Smoking may raise risk of type 2 diabetes

Researchers investigated potential links between smoking and type 2 diabetes.

New research has found that regularly smoking could increase the risk of developing type 2 diabetes in men, with the odds even higher in smokers who are also obese.

Carried out by researchers from the University of Oxford, UK, the Chinese Academy of Medical Sciences, and Peking University, the new study looked at 512 891 adults aged 30-79 years from five urban and five rural parts of China.

Participants had no history of diabetes at the start of the study, with the researchers following the health status of the participants for nine years using death and hospital admission records.

After taking into account factors such as age, socioeconomic status, alcohol consumption, physical activity and obesity, the team found that regular smokers have a 15-30% higher risk of developing diabetes compared with those who have never smoked.

Smoking more cigarettes each day and starting smoking at a younger age also appeared linked to a greater risk of diabetes.

The team also found that among men, being obese increased the risk of diabetes. Men who had a normal weight (a body mass index (BMI) of less that 25) and who smoked 30 cigarettes or more per day had a 30% higher risk of diabetes compared to those who didn’t smoke.

However, men who were obese (with a BMI of over 30) and smoked 30 cigarettes or more a day had a 60% higher risk.

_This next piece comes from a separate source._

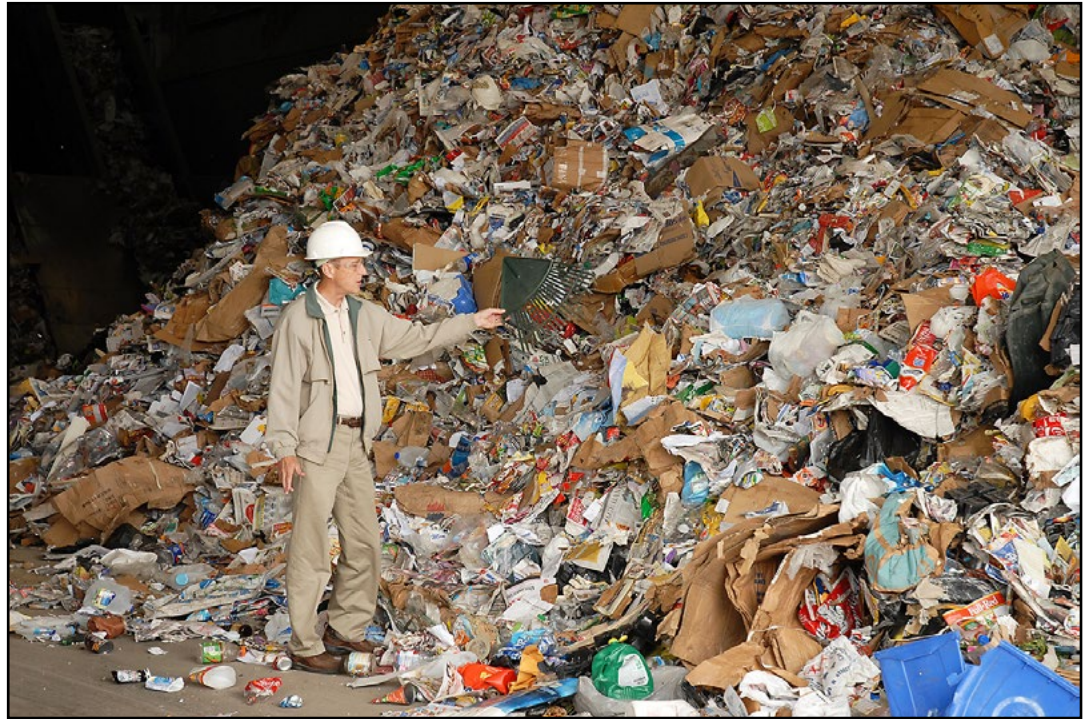
Your garbage day, procedures for placing garbage and recycling at the curb, and stickers remain the same as before Advanced Disposal Services took over Veolia's waste business.

The City Council voted to extend the current contract with Advanced Disposal (formerly Veolia) for a three-year period. The City previously signed a five-year contract with Veolia beginning July 1, 2008 that was set to expire in June 2013. Advanced Disposal/Veolia offered a three-year contract extension with no sticker price

A medical assistant administers an insulin shot to a diabetes patient at a private clinic in New Delhi on November 8, 2011

Heavy smokers were also more likely to have higher amount of abdominal fat than light or non-smokers, which also greatly increased the risk of the condition.

Although smoking is much less common among women in China – only 3% of the study’s female participants regularly smoked, compared to 68% of the male participants – the risk of developing diabetes appeared to be even greater for female smokers than male smokers, possibly due in part to their greater proportion of body fat compared to men.

Although previous studies have suggested that giving up smoking may actually increase the risk of developing type 2 diabetes, at least in the short term, the team found that among ex-smokers this risk was only seen among recent quitters who had stopped smoking because of illness.

Among the individuals who had chosen to give up smoking, and who had stopped for more than 5 years, the researchers did find a small excess risk of diabetes but suggested that this could be due to moderate amount of weight gained following quitting.

Study author, Professor Liming Li, commented on the findings saying: “We can’t conclude from these findings that smoking causes type 2 diabetes, but, irrespective of this, smoking should be targeted as an important modifiable lifestyle factor in future disease prevention strategies, including for diabetes, in China and elsewhere.”

Co-author Dr. Fiona Bragg also added that, “These findings add to existing evidence of the health benefits of giving up smoking, not only for prevention of cancer, respiratory and cardiovascular diseases, but now also for prevention of diabetes.”